Second, proximity and walkability are often just as good as transit service at traffic reduction. Urban villages do not just add density; they add the things that a neighborhood needs to be a neighborhood. Right now if you live in Magnolia and you want to try a new restaurant, go to the movies, or get your nails done, you have to get in your car and drive (or take a circuitous bus ride if it’s even an option) to some other neighborhood that has such things because there is no local urban village option that’s a short walk away. This is less true for commute trips (rush hour bus service to downtown is decent and Magnolia’s Urban Village probably wouldn’t have a lot of jobs for the foreseeable future), but, as mentioned earlier, commute trips aren’t Magnolia’s problem. An overemphasis on commute trips blinds us to the benefits of proximity and walkability. Research is growing that “walkable urbanism” is more important for reducing car trips than “transit-oriented development.”
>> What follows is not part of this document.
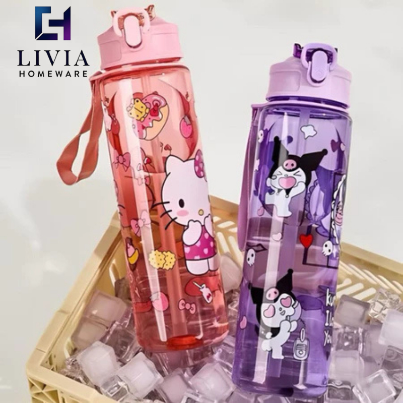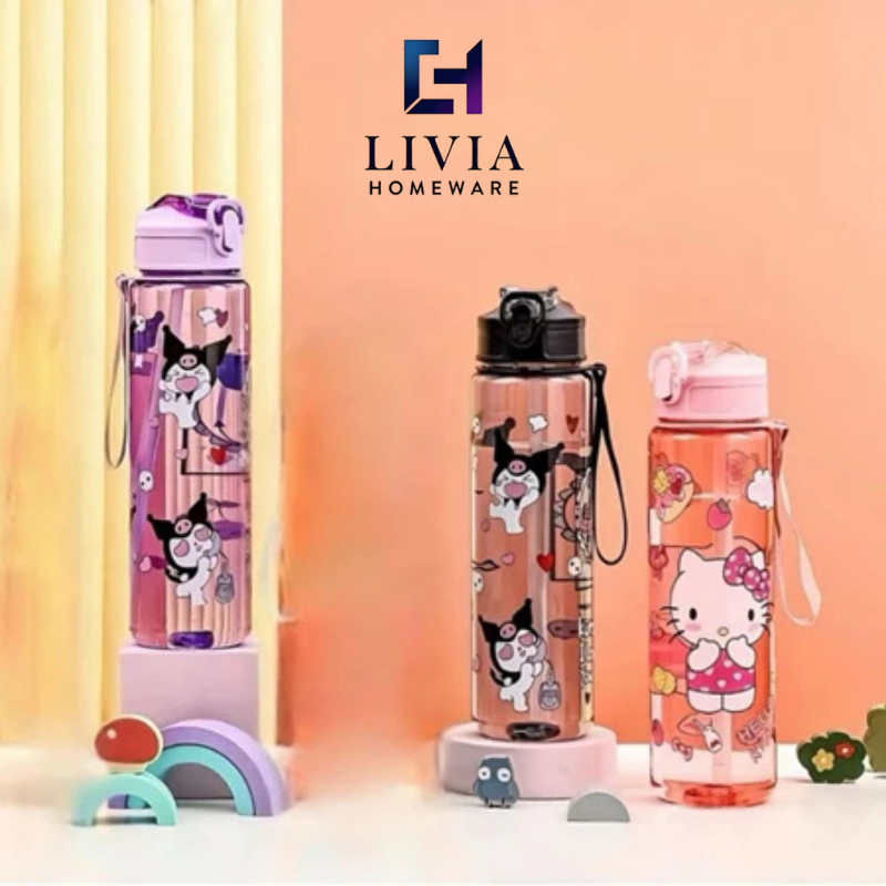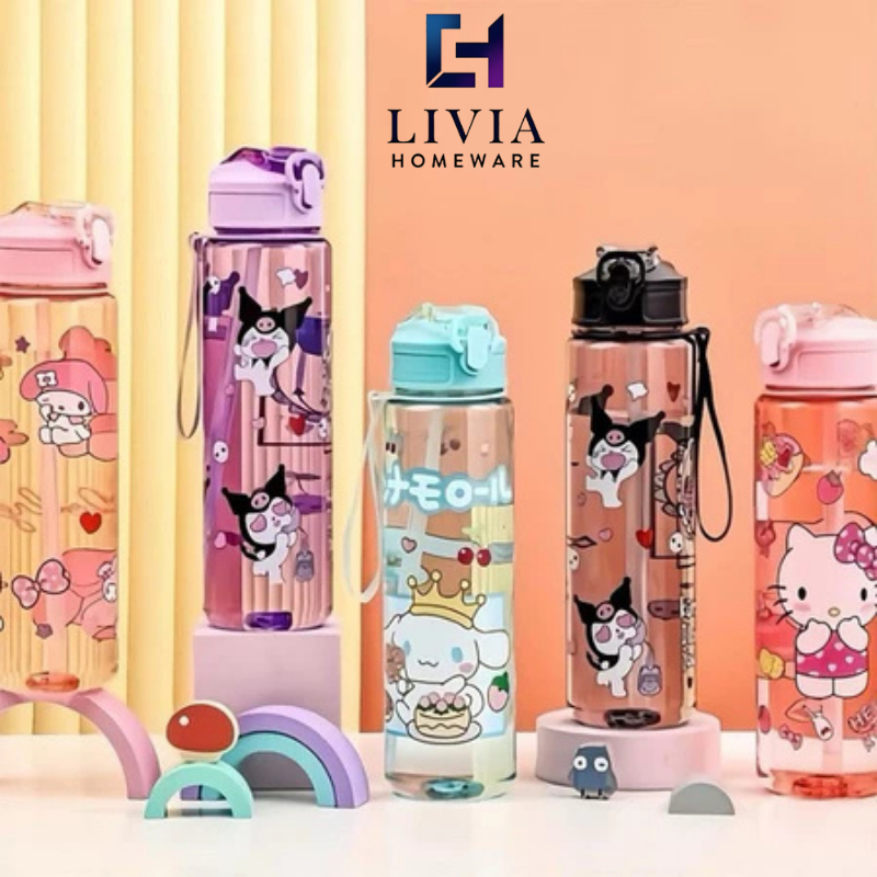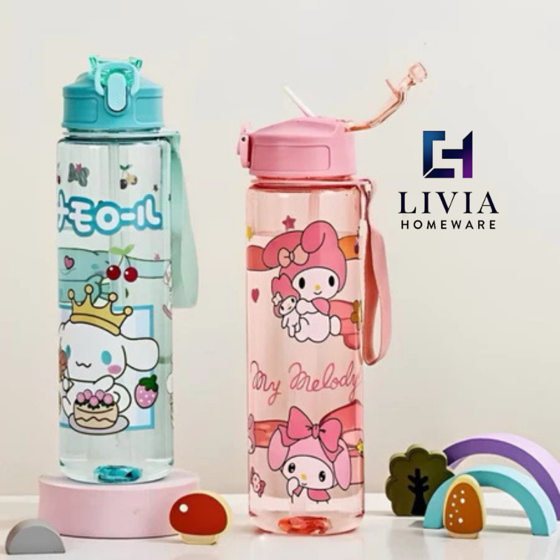 Botol Air Anak Sanrio + Sedotan BPA FREE Botol Minum Sanrio 900ML Bening KURUMI MELODY CINAMOROL Murah Gratis Ongkir Gar

Third, this is a gradual process. Imagine in a couple of years that NE 35th Ave gets a few new apartment buildings with ground floor retail. Is the traffic bad yet? It gets a few more and a small office building to boot. How about now? Is the traffic really bad now? Part of the whole goal of spreading development to more parts of the city is that every neighborhood gets a more gradual growth experience with more opportunity for adjustments and accommodations. There should be time to see traffic problems as they develop and address them before they become problematic. These neighborhoods do have some transit service already and that service can get gradually better as the neighborhood grows.
For people that want a transit-oriented city there is a political factor to keep in mind as well.
Providing the transit first assumes that the density will come afterwards. However, many our transit station areas have sat without development for years, partly because of the recession, but mostly because zoning restrictions were not lifted. When you let the density happen first, you know it will be there to support the transit service that is eventually added.
While more transit doesn’t make changing zoning politically easier, more density does make adding transit service and transit (and walking and biking) priority easier. If SDOT had told people 10 years ago that it was going to make two lanes on Westlake Avenue transit-only because that was the only way to accommodate all the growth that was planned for South Lake Union, most people would have been confused if not furious at the inconvenience. Won’t taking away lanes make traffic worse? Now that the growth has arrived, the lane decision seems obvious and overdue with even the Seattle Times acknowledging that turning car lanes over to transit is “by far the most cost-effective way to move more people through a congested city.”
For people that want an equitable and inclusive city, it’s also important to keep the traffic problem in perspective. Is the risk of a few years of bad traffic in a few wealthy neighborhoods really an excuse for focusing development in ways that exacerbate our affordability crisis and displace poor people and people of color from our city?